=== INSTRUCTIONS TO FOLLOW ===
Once you have located the line containing "Glatka i čvrsta" in the material below, return it exactly along with each line after it through the line containing "I emailed the".

=== EXERCISE INPUTS ===
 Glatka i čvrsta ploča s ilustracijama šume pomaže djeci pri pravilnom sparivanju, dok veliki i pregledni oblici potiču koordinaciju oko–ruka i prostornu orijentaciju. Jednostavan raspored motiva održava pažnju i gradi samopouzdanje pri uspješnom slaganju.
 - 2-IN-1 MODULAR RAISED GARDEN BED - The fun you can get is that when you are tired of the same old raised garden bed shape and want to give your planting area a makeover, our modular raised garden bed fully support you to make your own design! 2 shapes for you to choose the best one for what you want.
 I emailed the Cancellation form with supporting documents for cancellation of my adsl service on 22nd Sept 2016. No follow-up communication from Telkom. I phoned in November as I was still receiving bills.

...

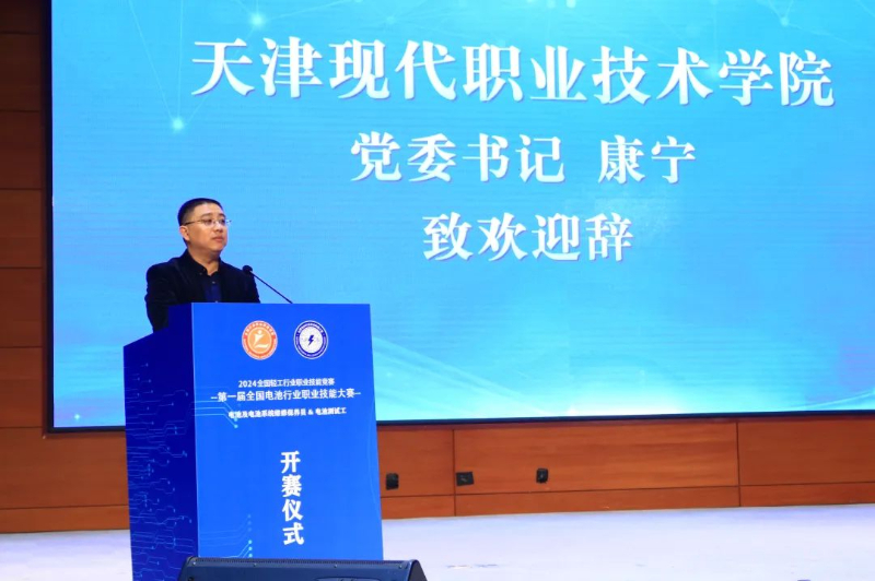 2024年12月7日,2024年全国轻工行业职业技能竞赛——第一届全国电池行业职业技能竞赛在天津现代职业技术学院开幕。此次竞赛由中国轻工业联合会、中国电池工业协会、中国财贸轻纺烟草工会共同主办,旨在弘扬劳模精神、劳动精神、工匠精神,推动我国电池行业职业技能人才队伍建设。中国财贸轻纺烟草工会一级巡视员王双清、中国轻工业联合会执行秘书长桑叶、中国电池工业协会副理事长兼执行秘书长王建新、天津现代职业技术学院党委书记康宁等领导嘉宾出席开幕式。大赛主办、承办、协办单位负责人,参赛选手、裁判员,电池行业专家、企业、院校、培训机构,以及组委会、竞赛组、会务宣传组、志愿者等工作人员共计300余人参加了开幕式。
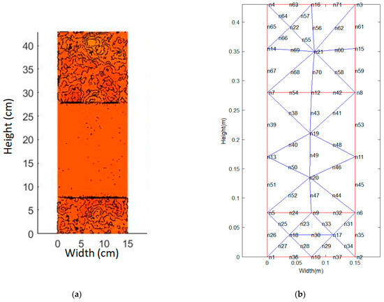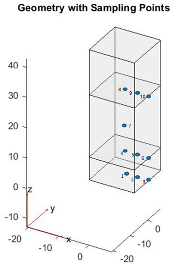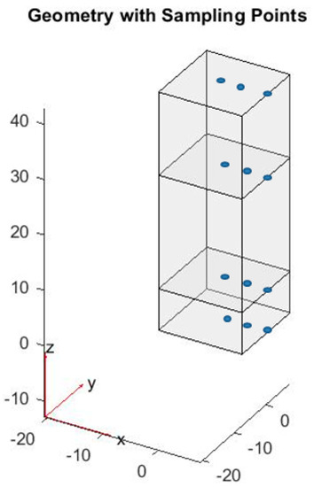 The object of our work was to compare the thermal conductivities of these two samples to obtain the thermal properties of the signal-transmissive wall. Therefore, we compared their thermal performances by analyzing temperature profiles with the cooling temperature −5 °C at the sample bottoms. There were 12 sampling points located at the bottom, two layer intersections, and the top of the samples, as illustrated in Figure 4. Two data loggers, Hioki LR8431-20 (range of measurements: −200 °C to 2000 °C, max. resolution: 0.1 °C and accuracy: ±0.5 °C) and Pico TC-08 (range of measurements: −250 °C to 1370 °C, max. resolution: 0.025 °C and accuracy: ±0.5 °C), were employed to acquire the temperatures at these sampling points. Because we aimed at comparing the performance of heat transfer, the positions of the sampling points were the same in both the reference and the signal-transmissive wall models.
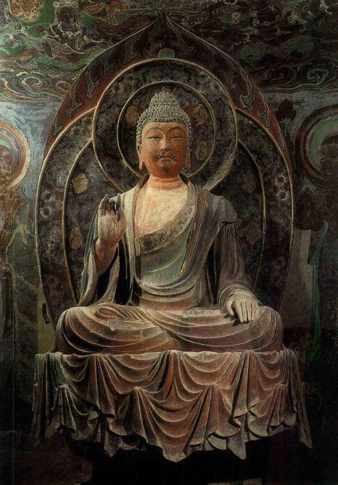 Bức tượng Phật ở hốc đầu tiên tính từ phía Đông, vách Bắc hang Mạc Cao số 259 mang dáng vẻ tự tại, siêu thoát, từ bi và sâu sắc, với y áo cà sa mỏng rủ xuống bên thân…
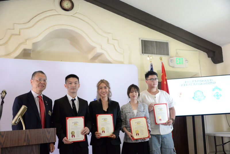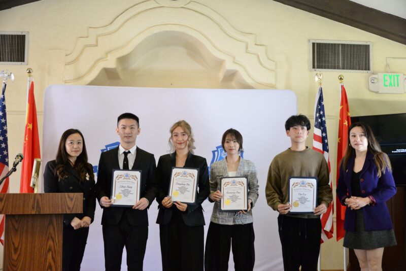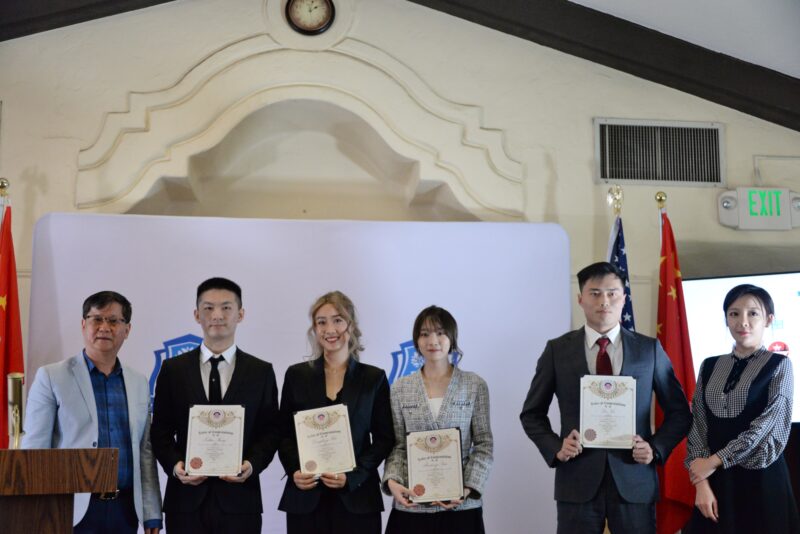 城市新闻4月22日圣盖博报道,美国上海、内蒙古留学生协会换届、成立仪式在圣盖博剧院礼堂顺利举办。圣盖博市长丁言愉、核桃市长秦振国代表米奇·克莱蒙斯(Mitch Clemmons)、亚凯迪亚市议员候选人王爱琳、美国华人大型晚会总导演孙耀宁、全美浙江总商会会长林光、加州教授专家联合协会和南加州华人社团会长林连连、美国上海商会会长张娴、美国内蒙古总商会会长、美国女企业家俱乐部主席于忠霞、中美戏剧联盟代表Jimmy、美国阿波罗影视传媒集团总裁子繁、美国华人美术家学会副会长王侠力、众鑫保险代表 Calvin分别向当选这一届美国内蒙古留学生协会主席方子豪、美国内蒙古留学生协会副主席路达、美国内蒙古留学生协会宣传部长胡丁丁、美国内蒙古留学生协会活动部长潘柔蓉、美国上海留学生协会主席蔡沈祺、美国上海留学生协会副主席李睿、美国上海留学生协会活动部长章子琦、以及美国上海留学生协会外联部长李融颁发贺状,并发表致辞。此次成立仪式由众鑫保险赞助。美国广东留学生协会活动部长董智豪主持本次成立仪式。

==

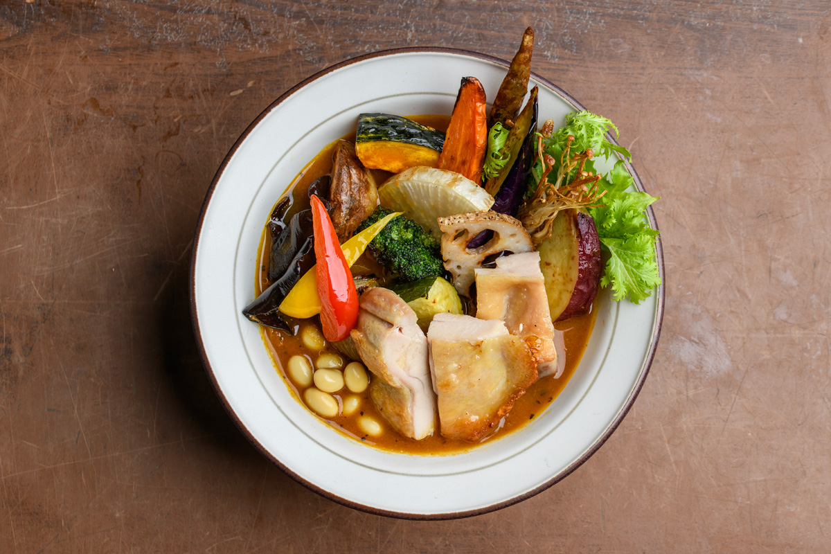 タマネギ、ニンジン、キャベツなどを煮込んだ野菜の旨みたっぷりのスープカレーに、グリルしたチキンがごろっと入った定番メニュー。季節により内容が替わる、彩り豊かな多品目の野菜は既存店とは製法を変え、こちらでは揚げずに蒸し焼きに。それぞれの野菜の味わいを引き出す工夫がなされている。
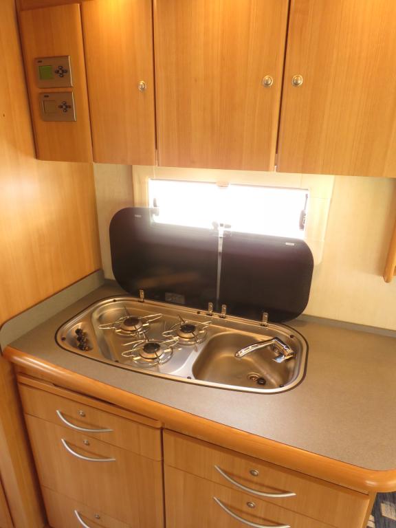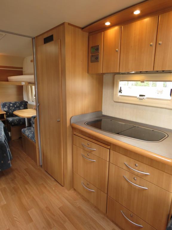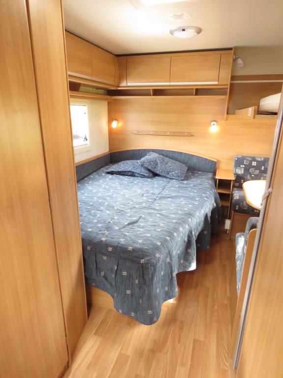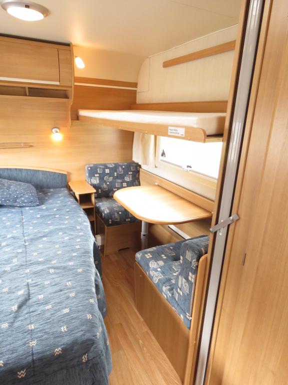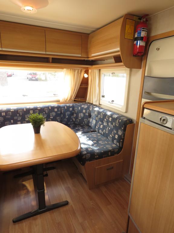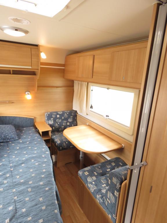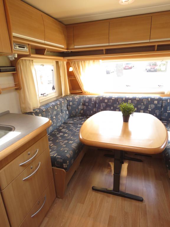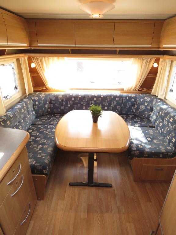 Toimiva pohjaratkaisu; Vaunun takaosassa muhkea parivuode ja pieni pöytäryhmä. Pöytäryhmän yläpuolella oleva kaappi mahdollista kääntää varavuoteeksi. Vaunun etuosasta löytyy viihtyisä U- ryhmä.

=== WRITTEN RESPONSE ===
 Glatka i čvrsta ploča s ilustracijama šume pomaže djeci pri pravilnom sparivanju, dok veliki i pregledni oblici potiču koordinaciju oko–ruka i prostornu orijentaciju. Jednostavan raspored motiva održava pažnju i gradi samopouzdanje pri uspješnom slaganju.
 - 2-IN-1 MODULAR RAISED GARDEN BED - The fun you can get is that when you are tired of the same old raised garden bed shape and want to give your planting area a makeover, our modular raised garden bed fully support you to make your own design! 2 shapes for you to choose the best one for what you want.
 I emailed the Cancellation form with supporting documents for cancellation of my adsl service on 22nd Sept 2016. No follow-up communication from Telkom. I phoned in November as I was still receiving bills.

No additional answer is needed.